To ensure that our invariants are not breached (e.g. no overdraft allowed) we rely on optimistic concurrency: each event is tagged with a monotonically increasing version number and a few database-level constraints guarantee data integrity.
No matter how much care you put into a piece of software, there will be defects — software is made by humans, after all. There will be defects in our components, in our partners’ products.
We have optimised for blast radius reduction and time to detection. We also continuously run a set of different processes that act as feedback loops for our system and operators:
Smoke tests, moving funds back-and-forth between test accounts, every minute
Micro-batching reconciliation, continuously checking that our view of our wallets and transactions matches what our partners sees, scraping both ledgers
Roll-ups, periodically replaying all the events on our logs to make sure projections are coherent and correct
As we go forward we will certainly add more and refine the ones we have.
Built with Rust
We used one innovation token on the programming language: all the microservices underpinning PayDirect are built with Rust.
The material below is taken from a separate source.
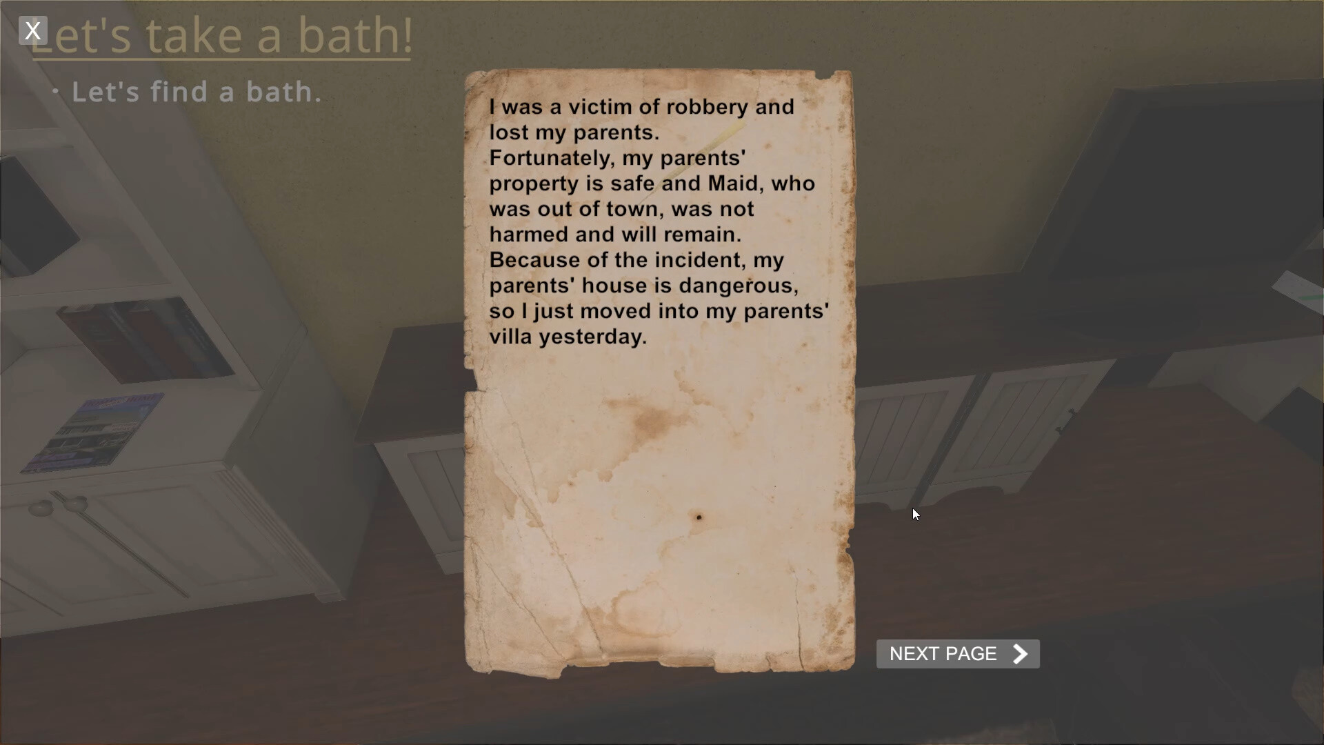 You and your maid have moved to a new house after losing your parents in a robbery. You have just moved and your new house has many problems, and you are trying to solve them.

Its type system was the key selling point: being able to enforce many of our domain constraints at compile-time boosted our confidence in the correctness of the final solution.
Rust’s enums, in particular, proved invaluable when working on the state machine of the payment lifecycle.
Adopting a new programming language is a journey — not one to be taken lightly.
Although we played with Rust previously, it was never in the hot path — we used it for CI tooling, small Kubernetes controllers, quality-of-life CLIs.
To build PayDirect we had to integrate Rust with the rest of the TrueLayer platform (e.g. telemetry), onboard and train engineers to use the language as well as figure out how to assemble our “application toolkit” using the crates available in the ecosystem — we had a chance to contribute a few patches upstream along the way.
Keep an eye on our blog — we’re looking forward to giving an in-depth report on our Rust journey in a future post.
We’re just getting started
There is so much more we could say on this: how we secured the whole stack, our choice of an event-driven architecture, how we manage on-call and alerts — all topics for future blog posts.
For now, enough to say that this is just the beginning: we are scaling the system to handle growing volumes, adding more payment rails and building new products on top.